A 29-year-old woman, who used to live in Tokha of Kathmandu, died of Covid-19, on Thursday last week in Dhulikhel Hospital; it was the first fatal Covid-19 case in Nepal.

The woman used to run a vegetable shop in Balaju of Kathmandu until three months ago. On May 5, she was rushed to Tribhuvan University Teaching Hospital in Maharajgunj from Tokha, for delivery. She gave birth to her second child the next day and she was discharged on the third day. After that, she was taken to her permanent house in Sindhupalchok. But, after a few days, she started feeling unwell; she was taken to Bahrabise Primary Treatment Centre, and referred to Dhulikhel Hospital. But, the woman denied going to the hospital until the child is named as per the family rituals.
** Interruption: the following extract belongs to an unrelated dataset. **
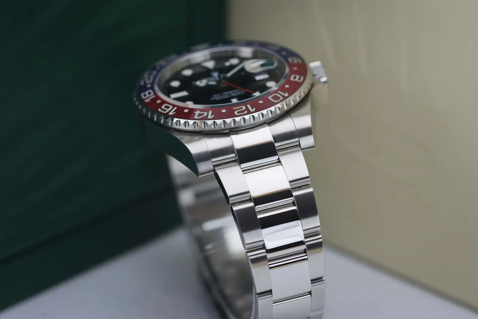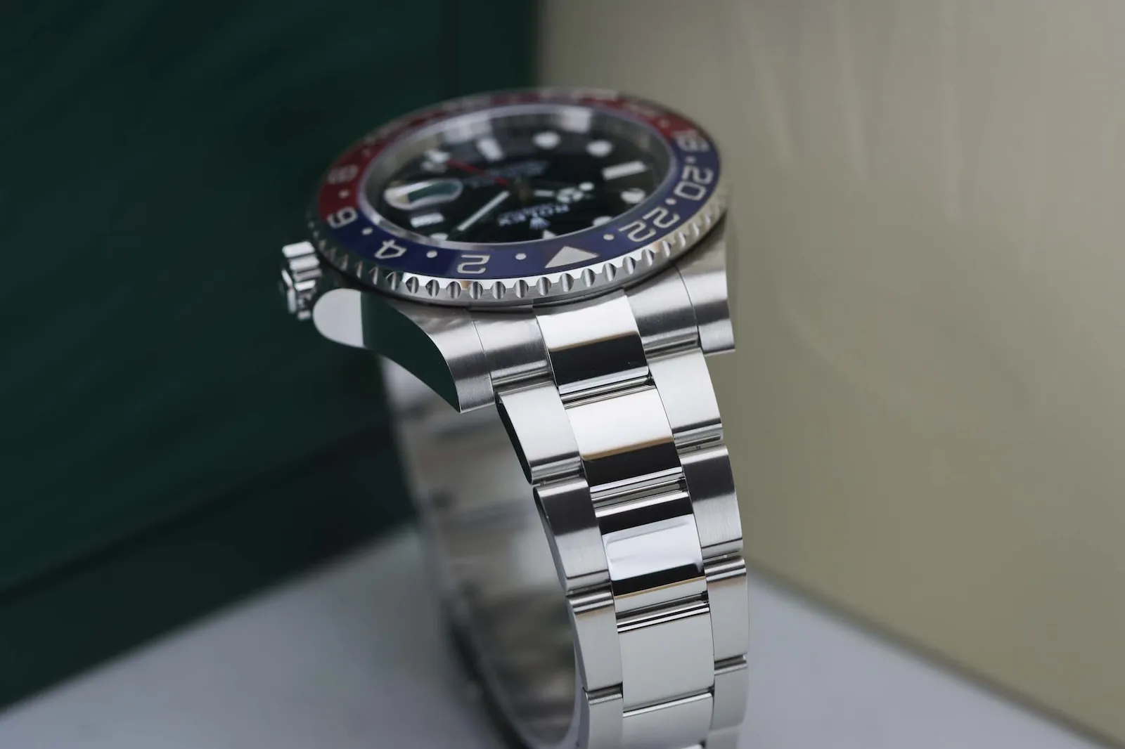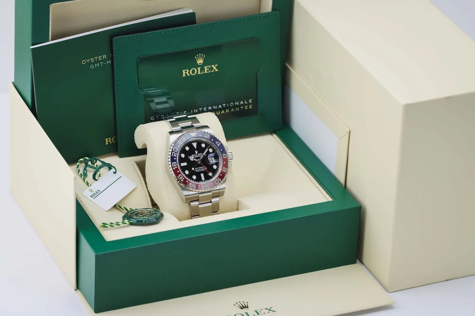 This example, dated 2022, is offered in excellent condition as a complete full set including Rolex box, warranty card, and booklets. With the highly desirable Oyster bracelet configuration, this Pepsi GMT remains one of the most sought-after references in the Rolex professional range.

Meanwhile, a positive coronavirus case was reported in a child who was treated in the TUTH. The local leaders in Bahrabise then suggested the family take her to a hospital. She was taken to Dhulikhel Hospital at 9:30 pm on Thursday; but, only after half an hour, she was announced dead.

How she contracted the coronavirus is still not confirmed though health officials are working on contact tracing.

The Covid-19 treatment team coordinator in the TUTH, Dr Santosh Kumar Das, says the new mother could not have been infected from the six-year-old child who tested positive for the virus as the maternal ward and the neurosurgery ward, where the child was, are far from each other, a distance enough to rule out the possibility.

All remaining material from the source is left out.